Sin embargo, cuando unos vienen de vuelta, otros apenas van de ida: los ejemplos de la antigua Unión Soviética y sus satélites y el lamentable estado de los países que en nuestro continente han adoptado políticas socialistas radicales no han sido suficientemente aleccionadores para un sector de nuestra población, que en la presente campaña electoral, para canalizar una protesta anárquica contra muchas cosas no bien definidas, se ha entusiasmado con el discurso de un joven político, de indudable extracción comunista, que oculta su filiación tras vagas consignas estereotipadas.
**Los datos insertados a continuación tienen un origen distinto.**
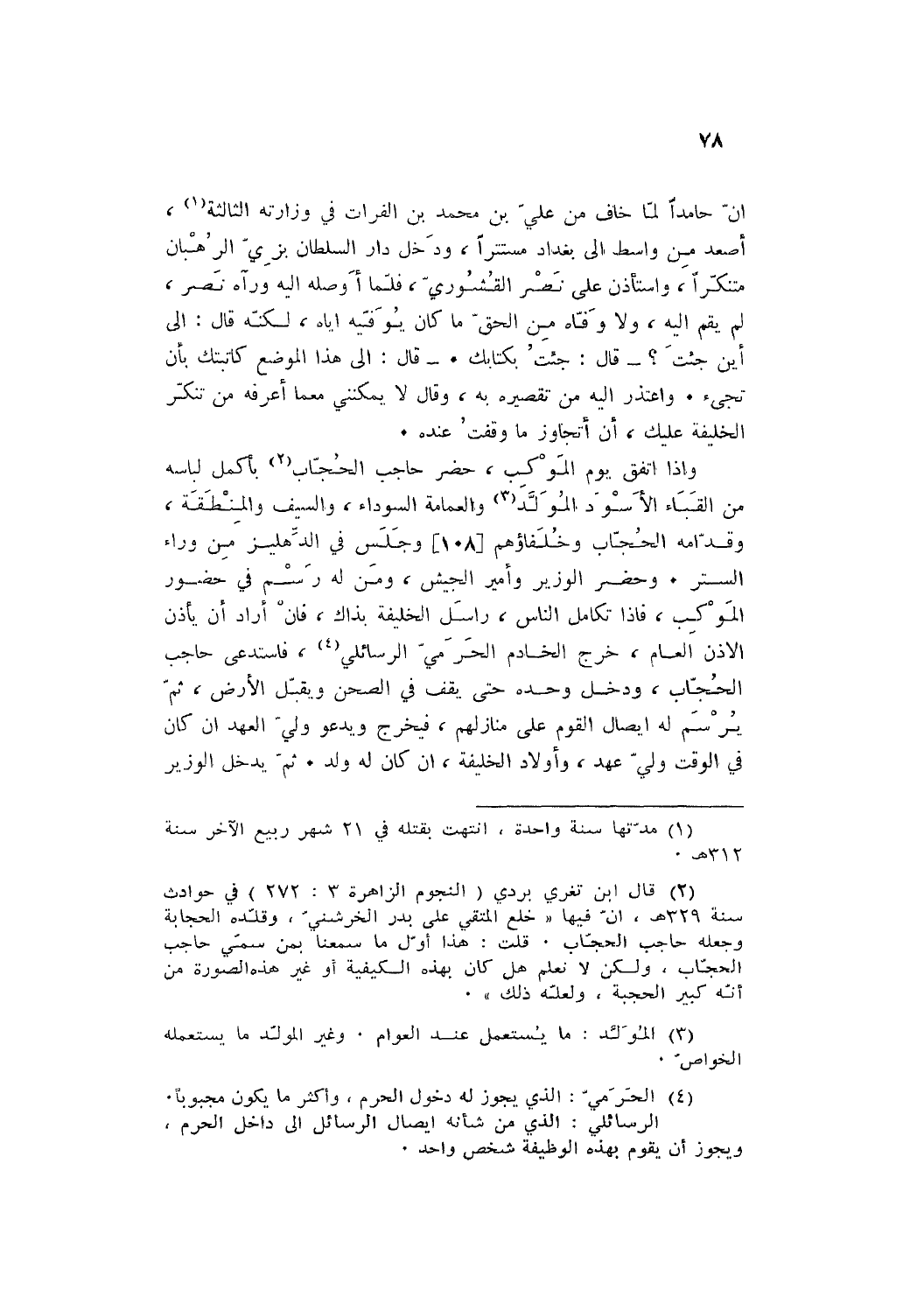 ان حامدا لما خَافَ من عَليّ بن مُحَمَّد بن الْفُرَات فِي وزارته الثَّالِثَة أصعد من وَاسِط إِلَى بَغْدَاد مستترا وَدخل دَار السُّلْطَان بزِي الرهبان متنكرا وَاسْتَأْذَنَ على نصر القشوري فَلَمَّا أوصله إِلَيْهِ وَرَآهُ نصر لم يقم إِلَيْهِ وَلَا وفاه من الْحق مَا كَانَ يُوفيه أَيَّاهُ، لكنه قَالَ: إِلَى أَيْن جِئْت قَالَ: جِئْت بكتابك قَالَ: إِلَى هَذَا الْموضع كاتبتك بِأَن تَجِيء وَاعْتذر إِلَيْهِ من تَقْصِيره بِهِ، وَقَالَ لَا يمكنني مَعَ مَا أعرفهُ من تنكر الْخَلِيفَة عَلَيْك ان أتجاوز مَا وقفت عِنْده.

El auge, según las encuestas, de este sorpresivo líder nos obliga, independientemente del resultado final de las elecciones del próximo mes, a un replanteamiento de nuestra democracia como sistema político, algo que sobrepasa evidentemente el marco del presente comentario, así como al análisis de las verdaderas causas del inesperado apoyo que ha recibido un candidato que, antes de entrar en la contienda electoral, en múltiples oportunidades ya había hecho profesión de su credo comunista, el cual ha sido tradicionalmente rechazado por los costarricenses.
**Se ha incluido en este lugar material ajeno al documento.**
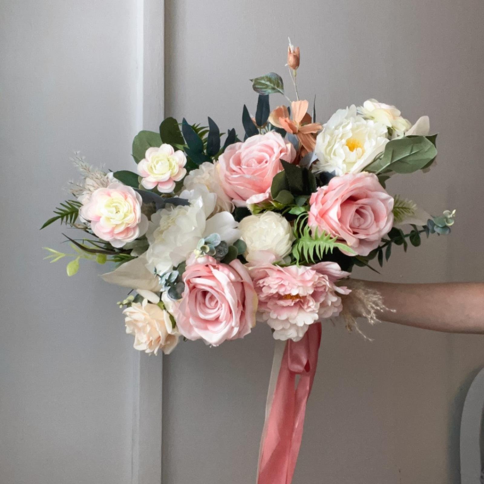 Want a different colour palette or matching bridesmaids’ faux posies? We can customise or advise on available rental sets. → Take the Bouquet Quiz

Carlos Marx, el teórico del llamado “socialismo científico”, no fue jamás un demócrata. Era un comunista y su egocentrismo posiblemente le habría impedido someter sus ideas al tribunal de la opinión pública, aunque hubiera tenido la oportunidad de hacerlo. Los seguidores que llevaron a la práctica sus teorías las consideraron dogmas intangibles y, en los países donde lograron adueñarse del poder, nunca las sometieron a consulta popular y persiguieron sañudamente a quienes osaban discutirlas. Es sabido que, en los países comunistas, las elecciones –cuando se hacen– son manipuladas desde el poder o, sencillamente, no se celebran, como en Cuba.
De ahí que resulte insólito que un comunista participe en una contienda democrática, aunque posiblemente, si ve la posibilidad, puede poner en práctica el consejo de Lenin, quien enseñaba que, para llegar al poder, todas las vías son buenas , incluso las legales. A quienes lo califican de joven e inexperto, el candidato les responde que su condición de abogado y su experiencia como asesor legislativo y actual diputado lo capacitan para aspirar al cargo, y que lo único que no sabe es robar. En efecto, nadie lo ha acusado de ladrón, pero sí es evidente que, calculadamente, le ha ocultado al electorado su filiación comunista, pues sabe muy bien que el reconocimiento explícito de esa ideología espantaría a muchos de sus actuales seguidores.
A cuantos le tocan el tema contesta vagamente que ni él ni su partido pretenden copiar recetas de otros países, y que procurará erradicar la pobreza y “cerrar la brecha social”, que es, prácticamente, lo mismo que dicen todos los demás candidatos. Pero, para ser leal con sus seguidores de buena fe y aquietar un poco las agitadas aguas que ha levantado su participación en este proceso, tendría que abjurar públicamente de su credo comunista y asegurarle al país que un eventual gobierno suyo respetará la propiedad privada y el régimen de libre empresa, y no celebrará tratados, acuerdos ni componendas de ninguna clase con Gobiernos extranjeros que, en alguna forma, comprometan o menoscaben las libertades y derechos de los que actualmente gozamos todos los ciudadanos.